Structured benchmark	Produce multiple replicate datasets with fixed N genomes per category (e.g. 50 bacterial, 50 viral per replicate) sampled from a snapshot; replicates are selected to be maximally diverse and each is split into train/test reads with similarity filtering.	`snapshot` → `benchmark-recipe --accessions-file <snap> --output-dir out --per-category 50 --replicates 5 --train-test-split 80`

For detailed walkthroughs see the User Guide.

Choosing workflows (how the main tools differ)

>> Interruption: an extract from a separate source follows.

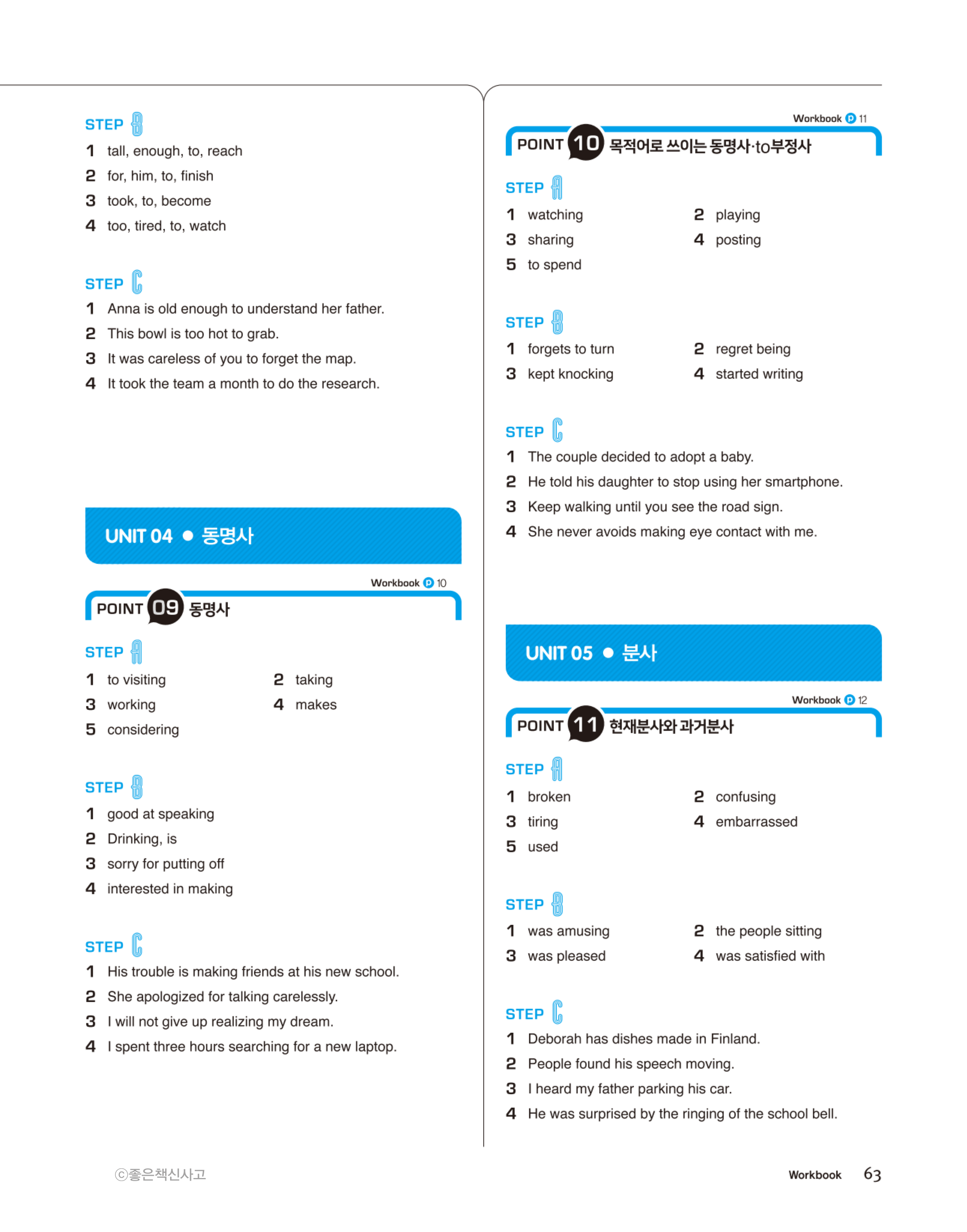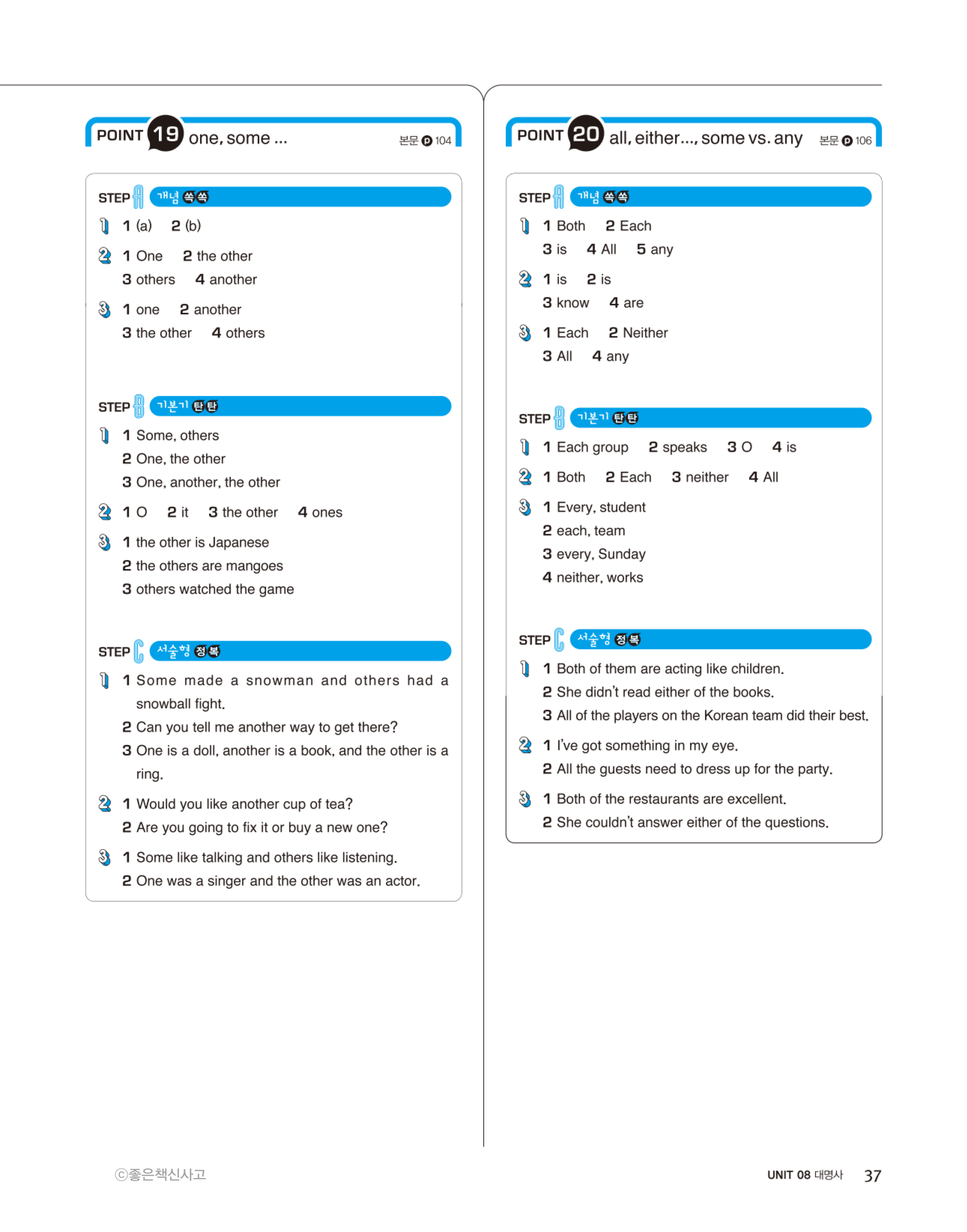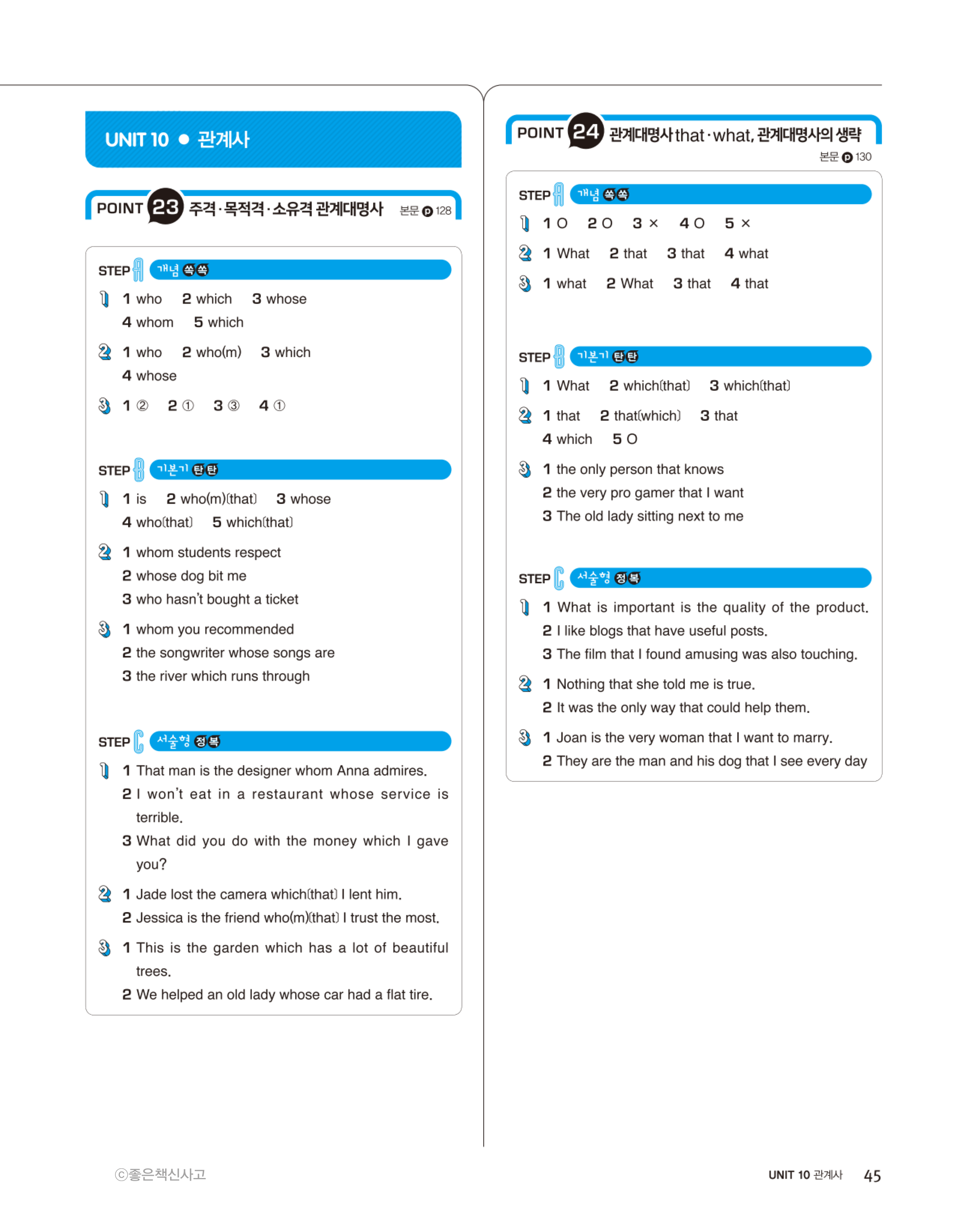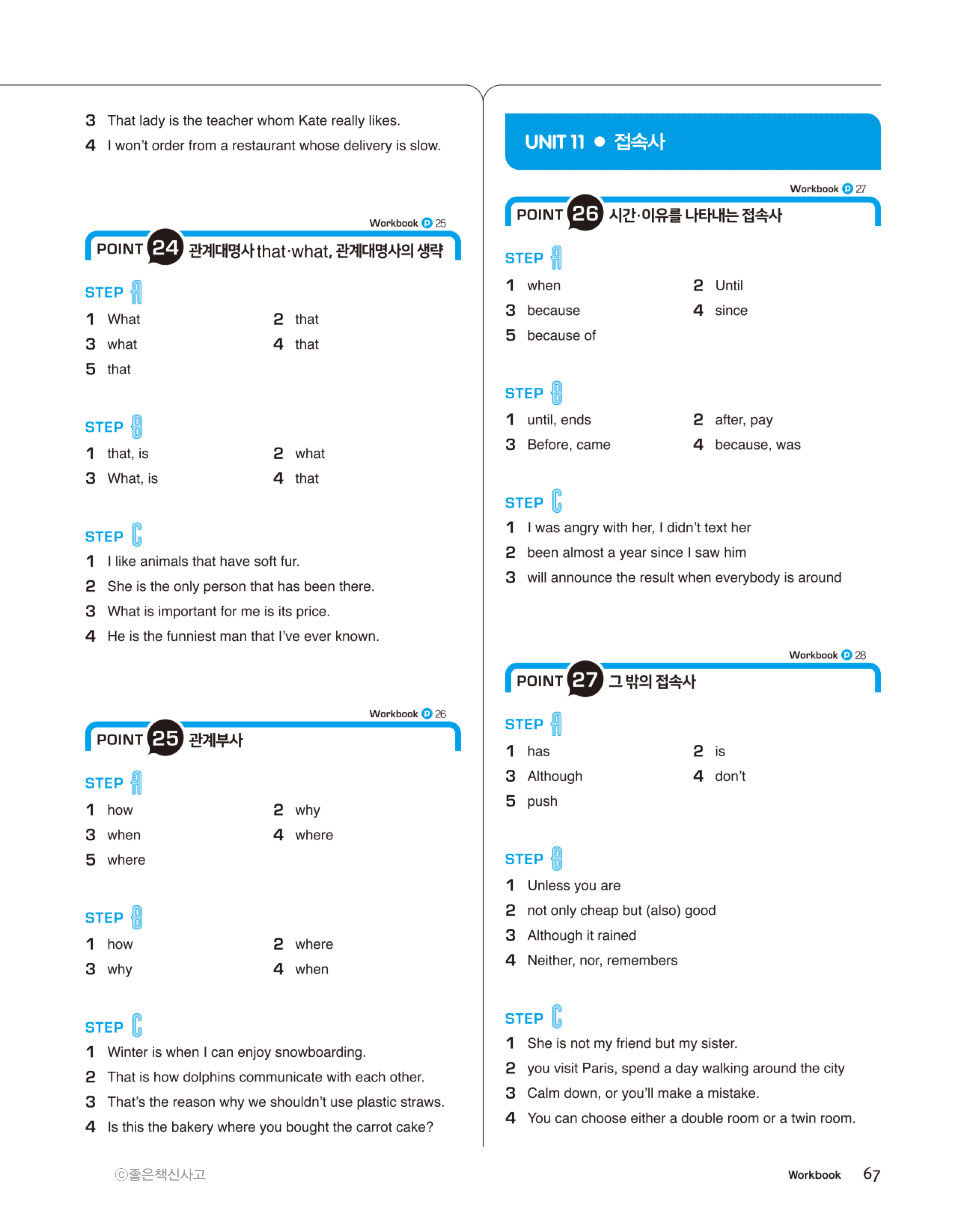 학습한 문법 POINT를 ( 단어 ) → ( 구 ) → ( 문장 ) 중심의 확인 문제를 통해 체계적으로 익힐 수 있도록 구성하였습니다. STEP A에서 개념을 익힌 후, STEP B에서 기본기를 탄탄히 쌓고, STEP C에서 최신 기출 유형을 반영한 서술형 문제를 풀어 볼 수 있습니다.

Use this section when deciding which commands to chain for reproducible benchmarks versus quick one-off runs.

Approach	What it does	When to use it
`pipeline`	Download (or `--genome-dir`) → optional BLASTN EVE (`--run-blastn-filter`) → read generation. Can write train/test FASTAs in one go via `--train-test-split`.	Single end-to-end run from counts or an existing genome directory; simplest path if you don't need to reuse the same metagenome with several split seeds.
`download` + `blastn-filter` + `chunk` + `split-metagenome-train-test`	Explicit steps: fetch genomes, build `eve_intervals.json`, chunk once to one metagenome FASTA, then split (possibly many times with different `--seed`).	Same genomes and same chunked metagenome, multiple train/test splits (e.g. several read lengths or shuffle seeds). The `chunk` subcommand does not accept `--train-test-split` — use `split-metagenome-train-test` on the metagenome file instead.
`benchmark-recipe`	Samples a fixed N per category from a snapshot for R replicates; picks diverse genomes (genome-level BLAST scoring); each replicate gets `{stem}_train.` / `{stem}_test.` with similarity filtering.	Published-style structured benchmark with named replicates under `replicate_XXX/`.
`genome-pool prepare` + `genome-pool materialize`	Prepare: download up to `max_` accessions into a shared pool (one heavy download). Materialize:* symlink (or copy) a reproducible subset into a per-run genome directory.	Large studies where many runs share the same underlying download; avoids re-fetching genomes for each experiment. Ordinary `download` writes straight to one output tree and does not build a pool.
`temporal-pipeline` (or manual `temporal-split` + downloads + chunk + `filter-test-against-train`)	Splits accessions by NCBI submission date; builds separate train/test metagenomes; removes test reads similar to train.	Time-based generalization ("train on past, test on future"), not a random 80/20 split of one metagenome.
`biome-metagenome` / `biome-dataset-pipeline`	Preset biome-like defaults or contig-fetch + chunk in fewer steps.	Convenience over manual tuning of every `pipeline` flag.

BLAST / EVE: Run blastn-filter once per genome directory (optionally with --eve-query-store pointing at a shared directory) so per-genome EVE results are reused across reruns. Use --force-recompute to ignore that store.

Extended usage

Download genomes

Obtain RefSeq genomes by category (bacteria, virus, archaea, plasmid) from NCBI Nucleotide. You specify how many bacteria and how many virus genomes separately; optionally add archaea and plasmid as extra negative samples. Each genome is saved as {accession}.fasta (e.g. NC_000001.1.fasta) in the corresponding category folder. Output layout: bacteria/, virus/, archaea/, plasmid/ under the output directory.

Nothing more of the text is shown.